Human Driven Climate Change

6899765F-42EE-4EF4-9ABD-1ED5493C308E.jpeg

There is quite possibly not a more contentious debate going on in America than global warming and its causes. The science is clear with 97% (based on 11,944 abstracts of research papers) of climate scientists worldwide declaring that human influence is the dominant force driving global warming. The consensus position is articulated by the Intergovernmental Panel on Climate Change (IPCC) statement that “human influence has been the dominant cause of the observed warming since the mid-20th century”. The National Academies of Science from 80 countries have issued statements endorsing the consensus position. Nevertheless, the existence of the consensus continues to be questioned.
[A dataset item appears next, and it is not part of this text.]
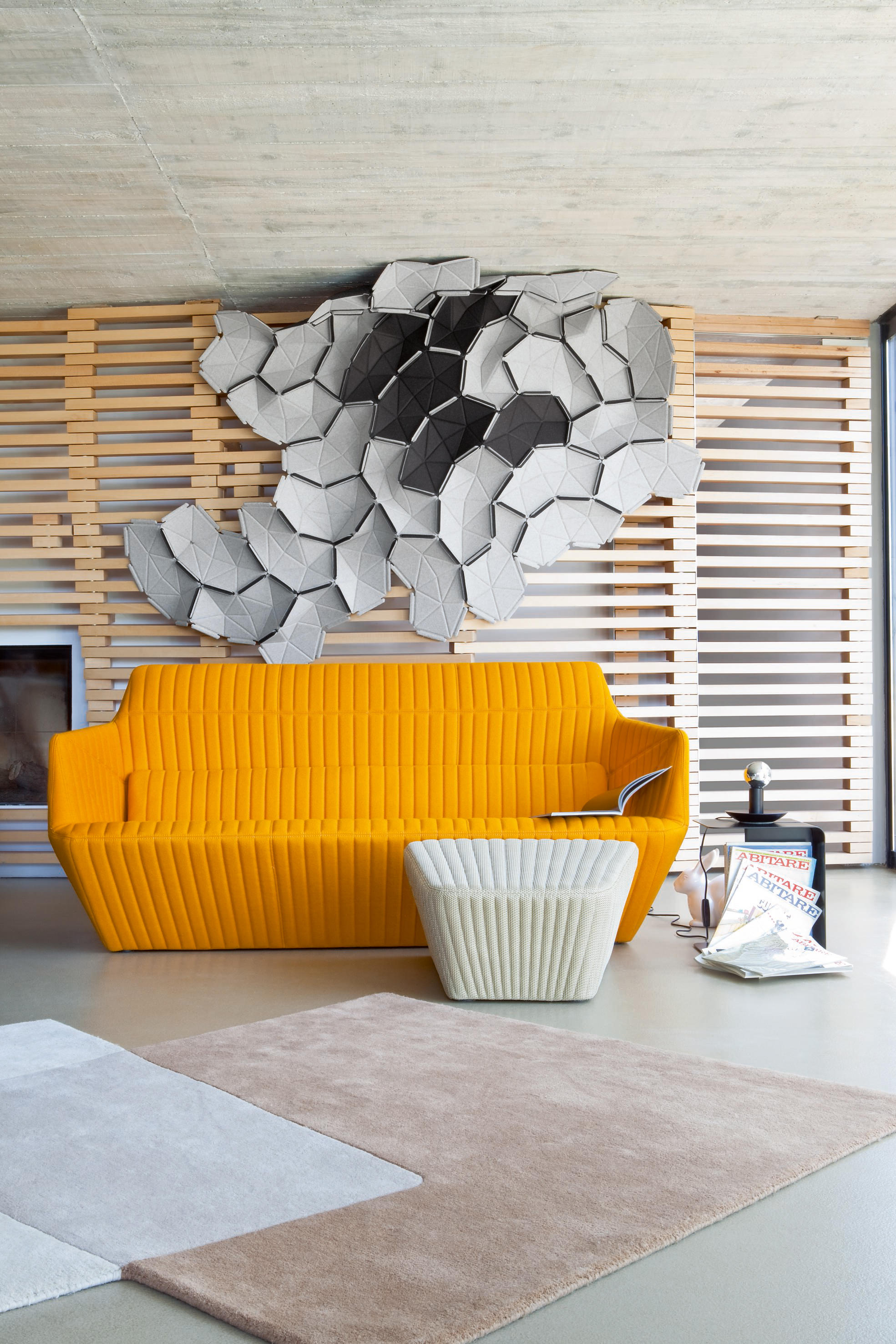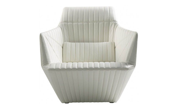 Facett沙发来自写意空间的设计师Bouroullec兄弟,其设计灵感来自于充满童趣的折纸游戏,所以我们能看到产品的造型具有几何色彩,丰富的折线仿佛随时会变出一个个多边形,给人意想不到的乐趣。写意空间Facett沙发不像多数布艺沙发那样走柔美温和路线,它刚毅硬朗的线条仿佛是轮廓分明的男子,给人坚毅的感觉。无论是暗灰还是明黄,冷色还是暖色,都传递出冷冽的质感。搭配在黑白空间里,是最合适的选择。除了造型,Facett沙发采用的布料也很特别,并没有追求植绒的细腻和棉布的柔软,进口布艺充满立体感,非常符合沙发造型的设计理念。家里摆放这么一款家具,即使不使用,单纯用来欣赏也是值得的。

A dumbed down (i.e. No math) summary of the theory of the Greenhouse effect:

DCCE7B9C-37BB-426C-8A80-A4B67F3FEE18

Energy from the Sun that makes its way to Earth can have trouble finding its way back out to space. The greenhouse effect causes some of this energy to be waylaid in the atmosphere, absorbed and released by greenhouse gases.

8824F1A4-EFE2-44D4-92B2-82EEF2377A0E

Without the greenhouse effect, Earth’s temperature would be below freezing. It is, in part, a natural process. However, Earth’s greenhouse effect is getting stronger as we add greenhouse gases to the atmosphere. That’s is warming the climate of our planet.

Solar energy absorbed at Earth’s surface is radiated back into the atmosphere as heat. As the heat makes its way through the atmosphere and back out to space, greenhouse gases absorb much of it. Why do greenhouse gases absorb heat? Greenhouse gases are more complex than other gas molecules in the atmosphere, with a structure that can absorb heat. They radiate the heat back to the Earth’s surface, to another greenhouse gas molecule, or out to space.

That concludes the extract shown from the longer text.